M comme Mélancolie (et subjectivité moderne)

Depuis la théorie grecque, philosophique et médicale, des « humeurs », reprise et étendue à la Renaissance, – la mélan-cholè était la « bile noire » –, la mélancolie est devenue le nom d’une expérience clef de la psychè occidentale : acedia de saint Thomas, Melencolia de Dürer, poésie mélancolique des ruines chez Diderot, mélancolie romantique de Musset et de Nerval, spleen baudelairien, poèmes « saturniens » de Verlaine, mélancolie et névrose narcissique chez Freud, « nausée » du Roquentin de Sartre (Melancholia était le premier titre du roman)…

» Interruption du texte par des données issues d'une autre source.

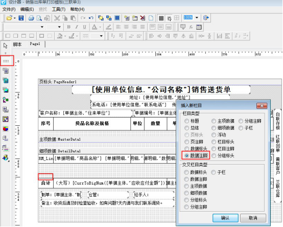????需要合計在最后一頁顯示,需要把“頁注腳”換為“數據注腳”,在模板設計器界面,點擊“頁注腳”進行刪除,然后點擊左側工具欄的第一項,選擇“數據注腳”,添加到合計的位置處,如下圖所示:
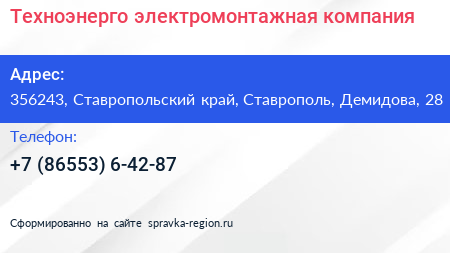 Техноэнерго, электромонтажная компания по адресу 356243, Ставропольский край, Ставрополь, Демидова, 28 в дальнейшем Организация, размещена в следующих категориях:
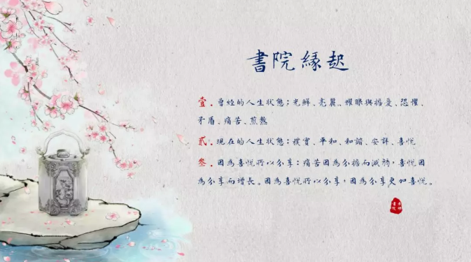 ? ?【孝根書院】以琴、棋、書、畫、茶和漢文化元素為底色,以弘揚(yáng)孝道,注重家庭、家教、家風(fēng)為主線,傳播優(yōu)秀的傳統(tǒng)文化,導(dǎo)引人們創(chuàng)造并享受美好生活。?
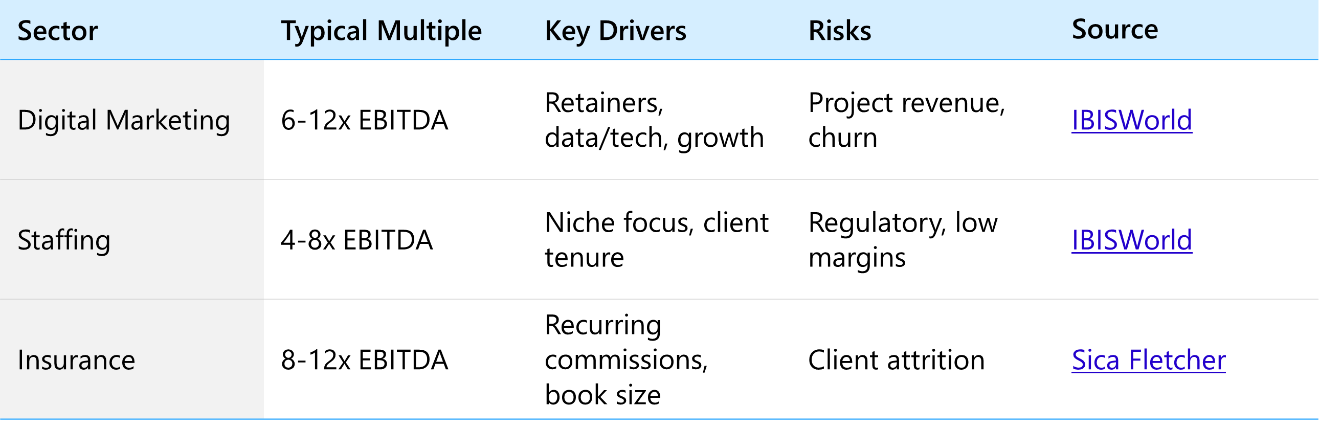 Each agency sector has distinct value drivers, risk factors, and typical multiples. Here is how the three main categories compare:
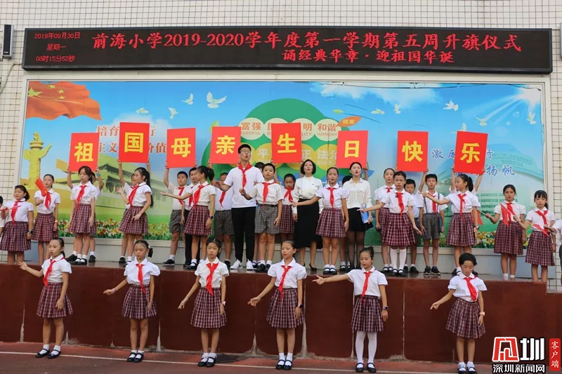 见圳客户端、深圳新闻网2019年9月30日讯(见圳客户端、深圳新闻网记者 陈彬 通讯员 罗其洁 潘志高)为庆祝中华人民共和国成立70周年,加强爱国主义教育,践行社会主义核心价值观,前海小学通过举行爱国教育三部曲,祝愿伟大的祖国繁荣昌盛。
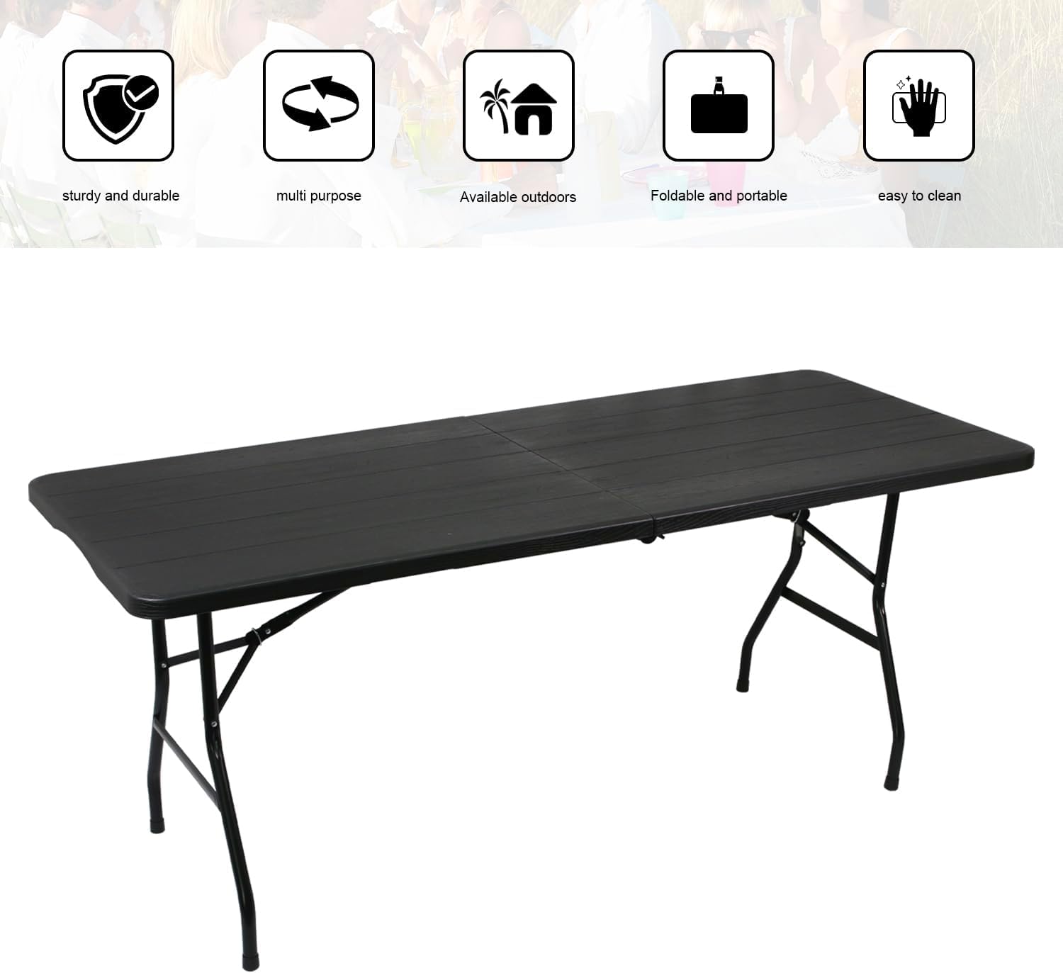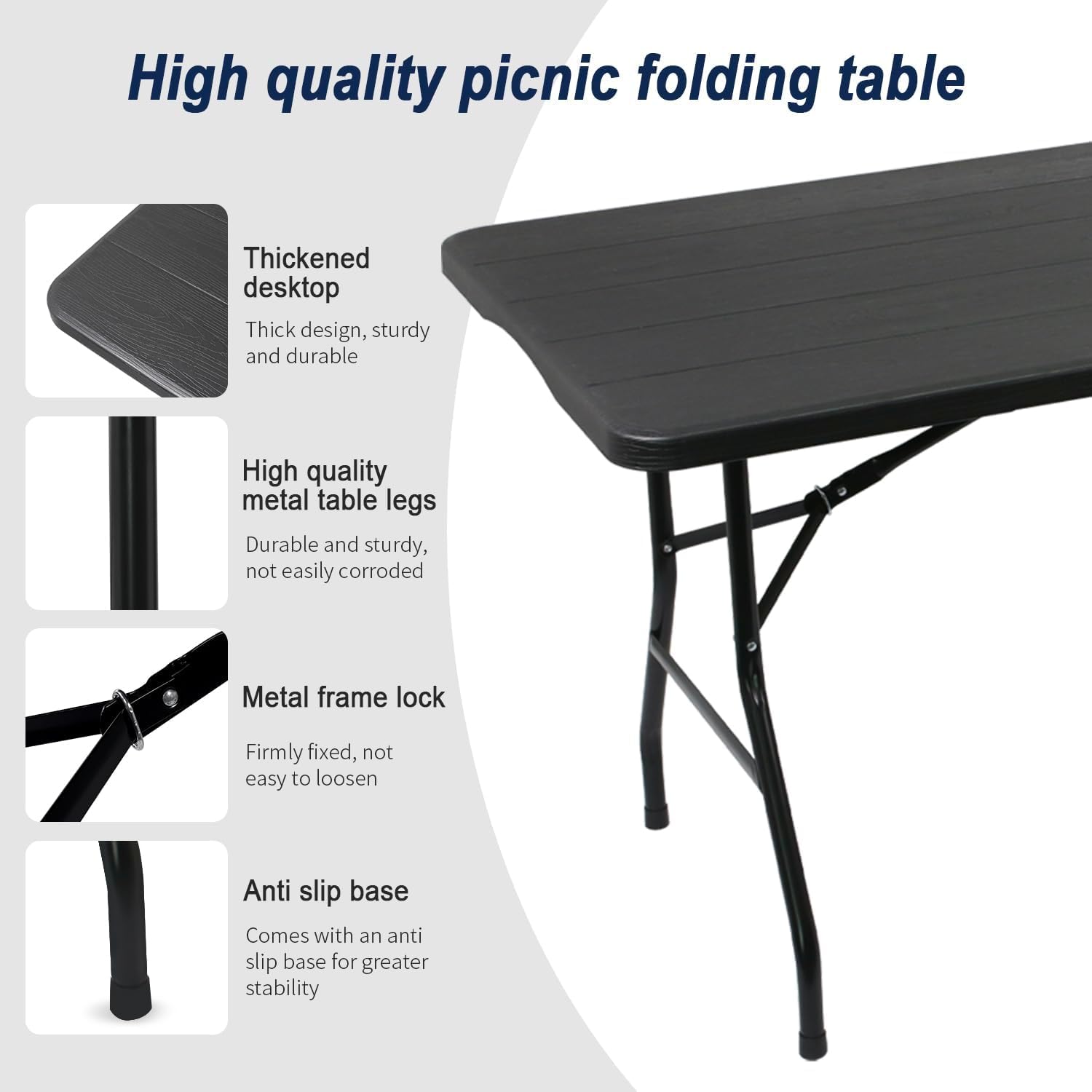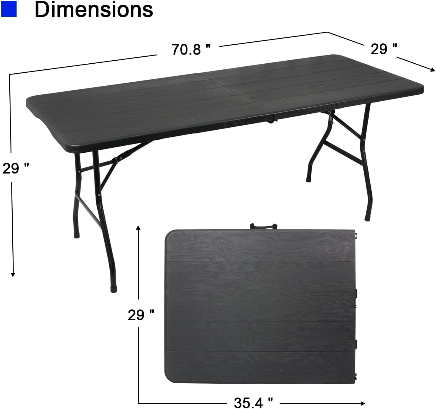 2-PCS 70.8" W X 29" D X 29" H - 6 ft Black Folding Table Heavy Duty Portable, Plastic Folding Utility Folding Table for Camping, Picnics & Parties
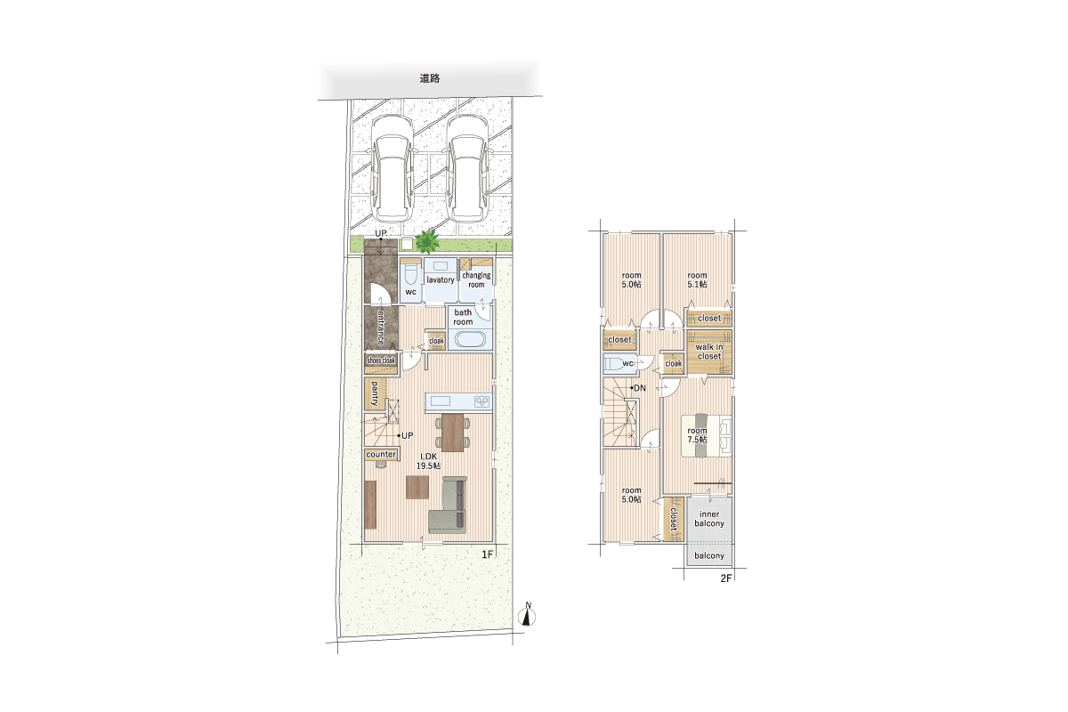 - ※完成予想図やCG合成画像は、門塀・植栽・庭・外観等、実際とは多少異なる場合があります。

                                                         

L’erreur serait cependant de conclure à une éternité de Saturne, l’astre de la  mélancolie. Contrairement à une idée répandue ou reçue (encore accréditée par une récente exposition-spectacle sur ce thème, au Grand-palais), la mélancolie n’est pas un archétype. Au contraire, tout en demeurant un transcendantal, la mélancolie est historicité ; elle est même l’affaire d’un destin historique, celle de la subjectivité moderne, telle qu’elle se construit à partir du XVIe siècle, dans l’horizon du christianisme. Destin historique qui engage un certain rapport au temps et à l’histoire, et même une interprétation du temps.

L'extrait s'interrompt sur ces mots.